Looking at parseValue() in more detail, we can see two things of note: the first is that we are absolutely copying certain data despite the ‘zero-copy’ claim, and the liberal use of memcpy() instead of basic assignment statements. The first item is easy to explain: the difference between either copying the memory address or the value of a simple integer/floating point type is so minimal that we trip head-first into the same ‘premature optimization’ thing that Mr. Knuth complained about back in 1974.

Ergo we just copy the value and don’t break our pretty little heads about whether doing the same thing in a more convoluted way would net us a few percent performance improvement or loss. This is different with non-trivial types, such as strings. These are simply a char* pointer into the byte buffer, leaving the string’s bytes in peace and quiet until the application demands either that same character pointer via the API or calls the convenience function that assembles a readily-packaged std::string.

Memcpy Is Love

Although demonizing ‘doing things the C way’ appears to be a popular pastime, if you want to write code that works with the hardware instead of against it, you really want to be able to write some highly performative C code and fully understand it. When I had written the first zero-copy implementation of NymphRPC and had also written up what I thought was a solid article on how well optimized the project now was, I had no idea that I had a “fun” surprise waiting for me.

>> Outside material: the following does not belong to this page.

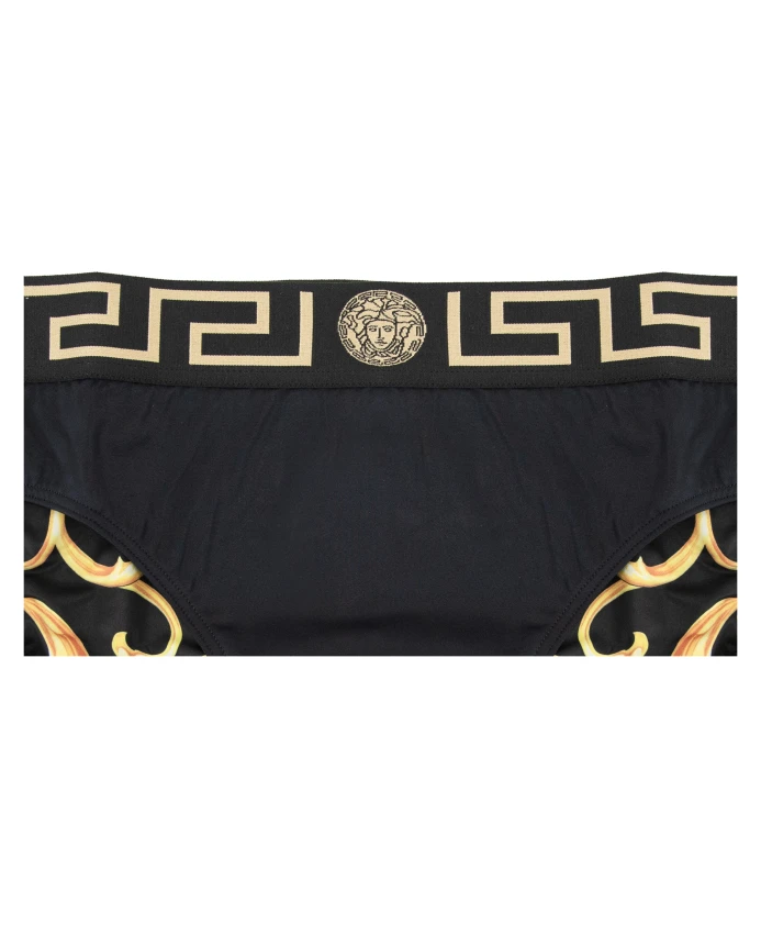 Обновите свою коллекцию купальников с помощью этих мужских плавок от Versace. Изготовленные в Италии, эти плавки украшены культовым логотипом бренда на подкладке. Эластичный пояс декорирован логотипом бренда и фирменным греческим орнаментом контрастного цвета. Созданные для комфорта и стиля, эти плавки - обязательный элемент гардероба каждого мужчины. Доступны в различных размерах.

As I happily tried running the new code on a Raspberry Pi SBC after doing the benchmarking for the article on an x86 system, the first thing it did was give me a hard fault message in the shell along with a strongly disapproving glare from the ARM CPU. As it turns out, doing a direct assignment like this is bound to get you into trouble:

methodId = *((uint32_t*) (binmsg + index));

This line casts the current index into the byte buffer as a uint32_t type before dereferencing it and assigning the value to the variable. When you’re using e.g. std::string the alignment issues sort themselves out somewhere within the depths of the STL, but with direct memory access like this you’re at the mercy of the underlying platform. Which is a shame, because platforms like ARM do not know the word ‘mercy’.

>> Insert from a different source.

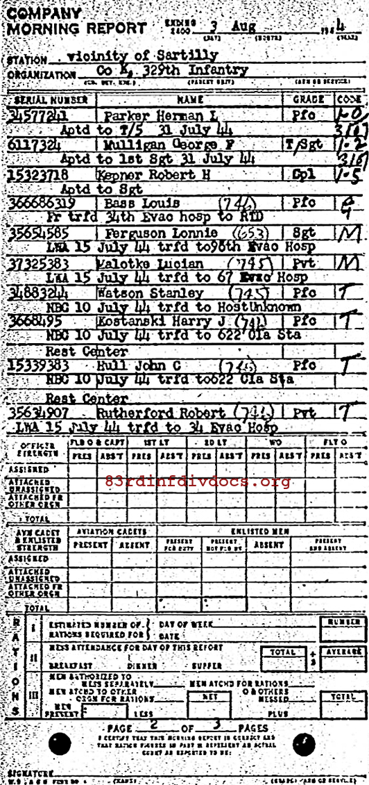 Morning report K/329 for August 3, 1944

Fortunately this is easy to fix:

memcpy(&methodId, (binmsg + index), 4);

Instead of juggling pointers ourselves, we simply tell memcpy what the target address is, where it should copy from and how many bytes are to be copied. Among all the other complex scenarios that this function has to cope with, doing aligned memory address access for reading and writing is probably among its least complex requirements.

Hindsight

Looking back on the NymphRPC project so far, it’s clear that some necessary optimizations that ought to have been there from the very beginning weren’t there. At least as far as unnecessary and premature optimizations go, I do feel that I have successfully dodged these, but since these days we’re still having annual flamewars about the merits of using goto I very much doubt that we will reach consensus here.

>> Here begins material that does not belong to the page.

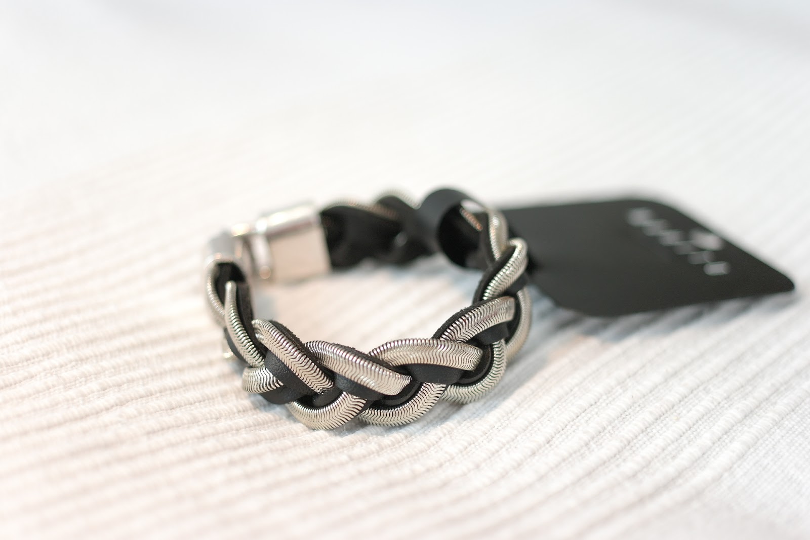 25. Bransoleta metalowa pleciona z ekoskórą, nowa

What is clear from the benchmarking that I have done on NymphRPC before and after this major refactoring is that zero-copy makes a massive difference, with especially operations involving larger data (string) chunks becoming multiple times faster, with many milliseconds shaved off and the Callgrind tool of Valgrind no longer listing __memcpy_avx_unaligned_erms as the biggest headache due to std::string abuse.

Perhaps the most important lesson from optimizing a library like NymphRPC is that aside from it being both frustrating and fun, it’s also a humbling experience that makes it clear that even as a purported senior developer there’s always more to learn. Even if putting yourself out there with a new experience like porting a lock-free ring buffer to a language like Ada and getting corrected by others stings a little.

After all, we are here to write performant software that’s easy to maintain and have fun while doing it, with sharing optimization tips and other tricks just being part of the experience.